* [About this task]: The expected answer is the set of lines in the data below between the line holding "vibrant, futuristic, city" and the line holding "Fabriqué en bois", inclusive, written out exactly.

* [Source material]:
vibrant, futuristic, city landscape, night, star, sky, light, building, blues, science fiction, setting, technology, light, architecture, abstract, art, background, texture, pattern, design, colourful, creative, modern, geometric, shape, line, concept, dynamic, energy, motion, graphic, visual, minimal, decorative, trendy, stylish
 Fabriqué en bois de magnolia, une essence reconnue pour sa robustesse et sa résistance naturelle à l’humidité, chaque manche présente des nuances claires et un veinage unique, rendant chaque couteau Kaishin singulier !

* * *

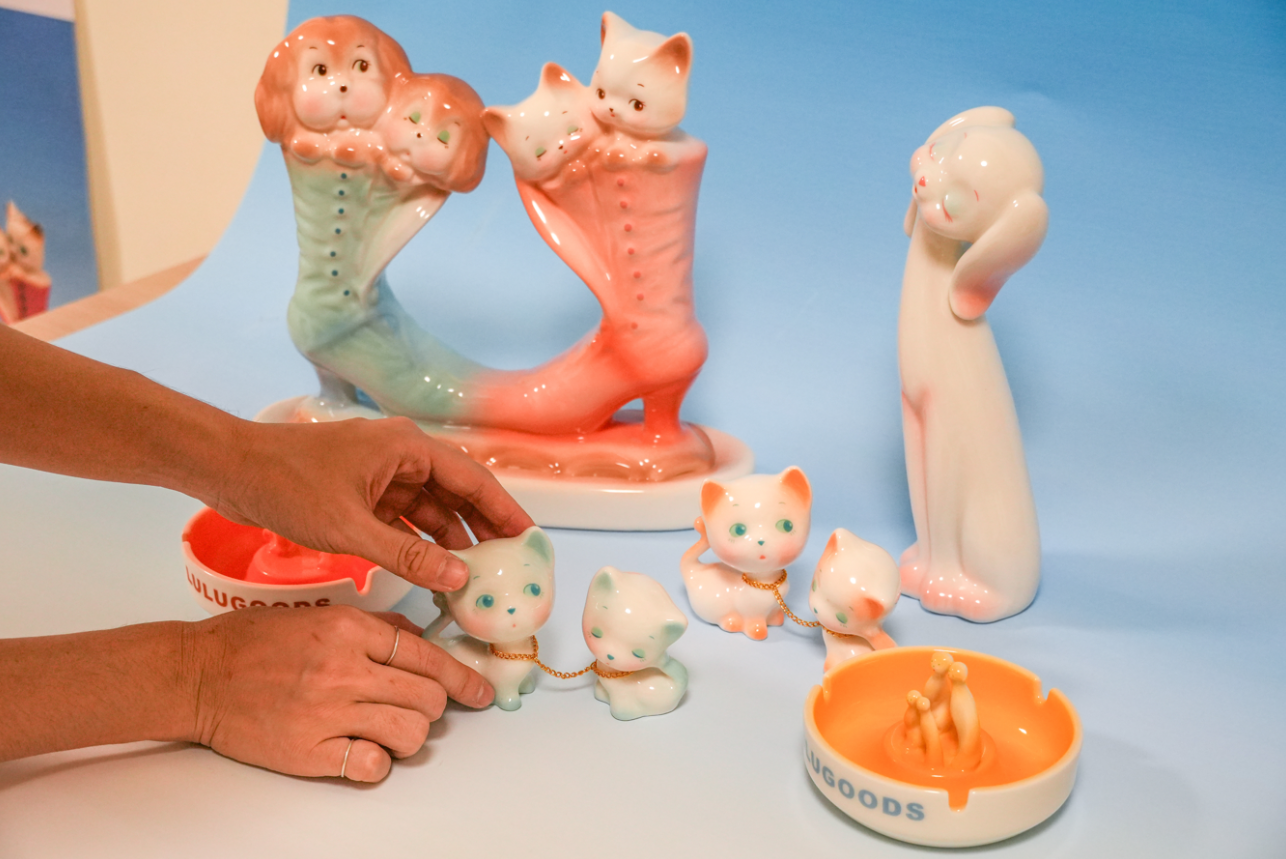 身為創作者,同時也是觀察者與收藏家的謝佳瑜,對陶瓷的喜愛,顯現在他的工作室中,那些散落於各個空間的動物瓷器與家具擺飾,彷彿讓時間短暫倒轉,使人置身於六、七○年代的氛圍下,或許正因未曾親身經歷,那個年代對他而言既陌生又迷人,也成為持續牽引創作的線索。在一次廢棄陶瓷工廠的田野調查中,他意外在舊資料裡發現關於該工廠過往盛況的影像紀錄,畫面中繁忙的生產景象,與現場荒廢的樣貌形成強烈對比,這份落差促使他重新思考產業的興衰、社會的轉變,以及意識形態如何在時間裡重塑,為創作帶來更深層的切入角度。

==

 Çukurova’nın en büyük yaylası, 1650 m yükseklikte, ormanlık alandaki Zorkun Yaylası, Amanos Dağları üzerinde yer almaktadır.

* [Task answer]:
vibrant, futuristic, city landscape, night, star, sky, light, building, blues, science fiction, setting, technology, light, architecture, abstract, art, background, texture, pattern, design, colourful, creative, modern, geometric, shape, line, concept, dynamic, energy, motion, graphic, visual, minimal, decorative, trendy, stylish
 Fabriqué en bois de magnolia, une essence reconnue pour sa robustesse et sa résistance naturelle à l’humidité, chaque manche présente des nuances claires et un veinage unique, rendant chaque couteau Kaishin singulier !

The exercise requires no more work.